Segment Open
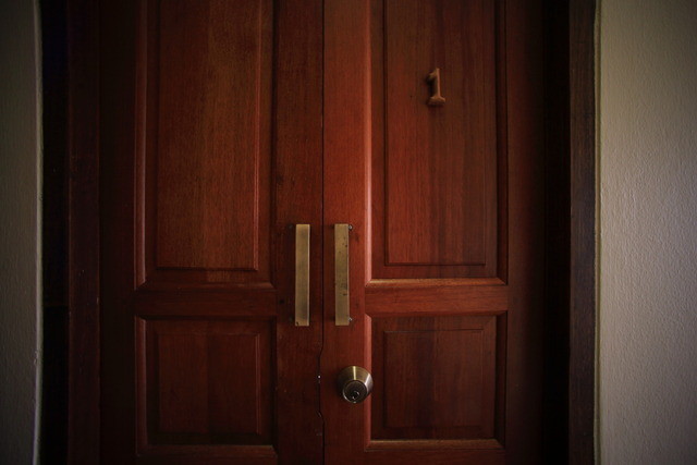 趣き溢れる木の扉、鍵は内側は二重ロックとなっています。
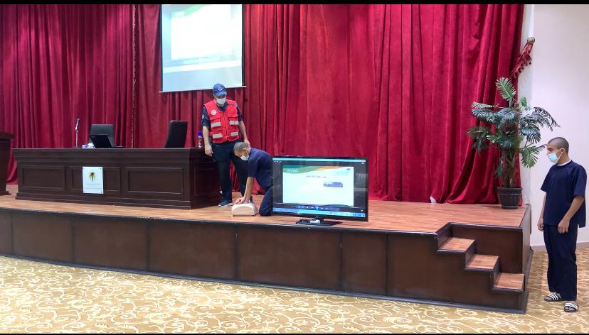 نظمت دار الملاحظة الاجتماعية بحائل التابعة لفرع وزارة الموارد البشرية والتنمية الاجتماعية بالمنطقة , بالتعاون مع هيئة الهلال الأحمر السعودي، دورة توعوية استهدفت النزلاء بدار الملاحظة الاجتماعية القاها المدرب عواد المفضلبي الشمري.
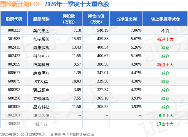 从基金规模来看,国投新丝路LOF基金2026年一季度公布的基金规模为0.78亿元,较上一期规模7796.29万元变化了-36.66万元,环比变化了-0.47%。该基金最新一期资产配置为:股票占净值比93.56%,债券占净值比0.26%,现金占净值比7.32%。从基金持仓来看,该基金当季前十大股票仓位达48.98%,第一大重仓股为美的集团(000333),持仓占比为7.06%。
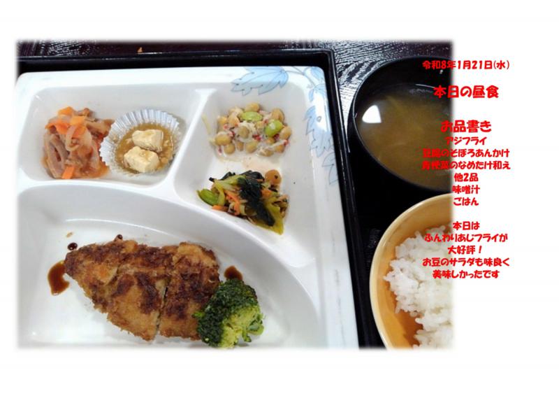 デイサービスセンター大野木 1/20昼食は全員完食!大人気のアジフライ
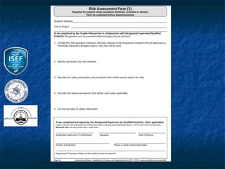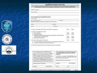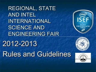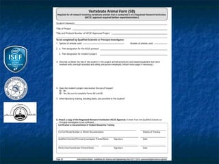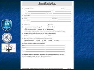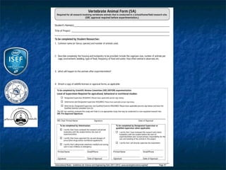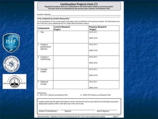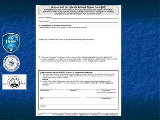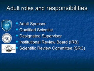This document outlines the rules and guidelines for the Regional, State and International Science and Engineering Fair. It discusses the roles and responsibilities of adult sponsors, qualified scientists, and oversight committees. It provides requirements for different types of student projects involving human subjects, vertebrate animals, and potentially hazardous biological agents. Projects must be reviewed and approved by Institutional Review Boards, Scientific Review Committees, and/or Institutional Animal Care and Use Committees as applicable before experimentation. Certain restrictions apply depending on the site of the research.
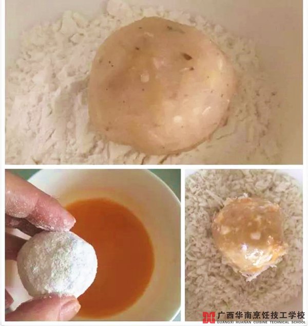 取适量虾土豆泥,压扁放入适量芝士,包起来。
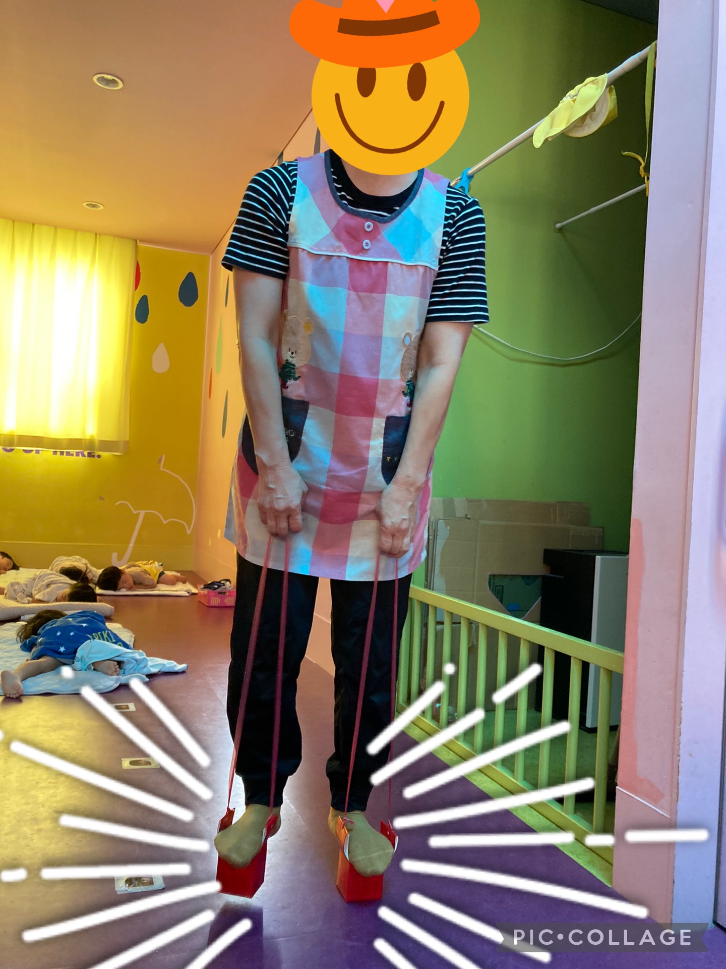出来上がった玩具で、保育者も実際に遊びながら、出来上がり具合を確かめてみました😁
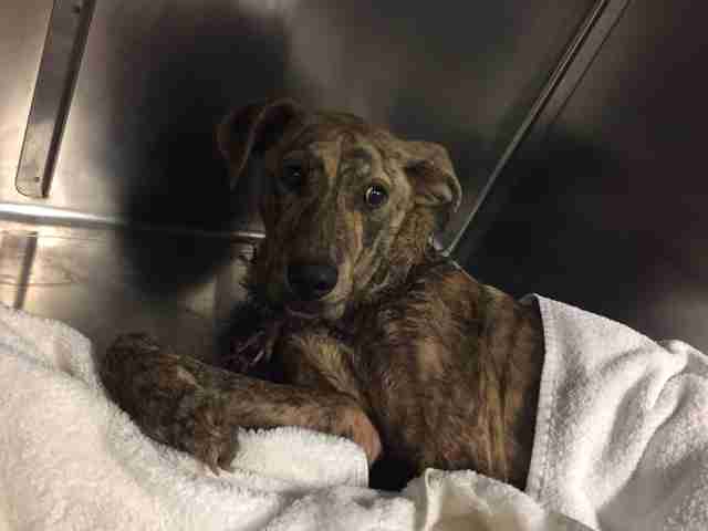 Uma vez que foi capturado pela dupla, o cão, que ganhou o apelido de Tobie, foi imediatamente levado para um veterinário. Lá, foi identificado que a lesão no pescoço era profunda e o maior temor era que pudesse causar uma grave infecção. A ferida foi causada por uma corda que havia sido amarrada em seu pescoço. “Naquele instante, não sabíamos se ele sobreviveria”, comentou Laura, que é a tutora orgulhosa de outros três cães.
Segment Closed
**TASK DIRECTIONS**
The full set of entries should be transcribed exactly, pictures left aside.

**WRITTEN ANSWER**
 趣き溢れる木の扉、鍵は内側は二重ロックとなっています。
 نظمت دار الملاحظة الاجتماعية بحائل التابعة لفرع وزارة الموارد البشرية والتنمية الاجتماعية بالمنطقة , بالتعاون مع هيئة الهلال الأحمر السعودي، دورة توعوية استهدفت النزلاء بدار الملاحظة الاجتماعية القاها المدرب عواد المفضلبي الشمري.
 从基金规模来看,国投新丝路LOF基金2026年一季度公布的基金规模为0.78亿元,较上一期规模7796.29万元变化了-36.66万元,环比变化了-0.47%。该基金最新一期资产配置为:股票占净值比93.56%,债券占净值比0.26%,现金占净值比7.32%。从基金持仓来看,该基金当季前十大股票仓位达48.98%,第一大重仓股为美的集团(000333),持仓占比为7.06%。
 デイサービスセンター大野木 1/20昼食は全員完食!大人気のアジフライ
This document outlines the rules and guidelines for the Regional, State and International Science and Engineering Fair. It discusses the roles and responsibilities of adult sponsors, qualified scientists, and oversight committees. It provides requirements for different types of student projects involving human subjects, vertebrate animals, and potentially hazardous biological agents. Projects must be reviewed and approved by Institutional Review Boards, Scientific Review Committees, and/or Institutional Animal Care and Use Committees as applicable before experimentation. Certain restrictions apply depending on the site of the research.
 取适量虾土豆泥,压扁放入适量芝士,包起来。
出来上がった玩具で、保育者も実際に遊びながら、出来上がり具合を確かめてみました😁
 Uma vez que foi capturado pela dupla, o cão, que ganhou o apelido de Tobie, foi imediatamente levado para um veterinário. Lá, foi identificado que a lesão no pescoço era profunda e o maior temor era que pudesse causar uma grave infecção. A ferida foi causada por uma corda que havia sido amarrada em seu pescoço. “Naquele instante, não sabíamos se ele sobreviveria”, comentou Laura, que é a tutora orgulhosa de outros três cães.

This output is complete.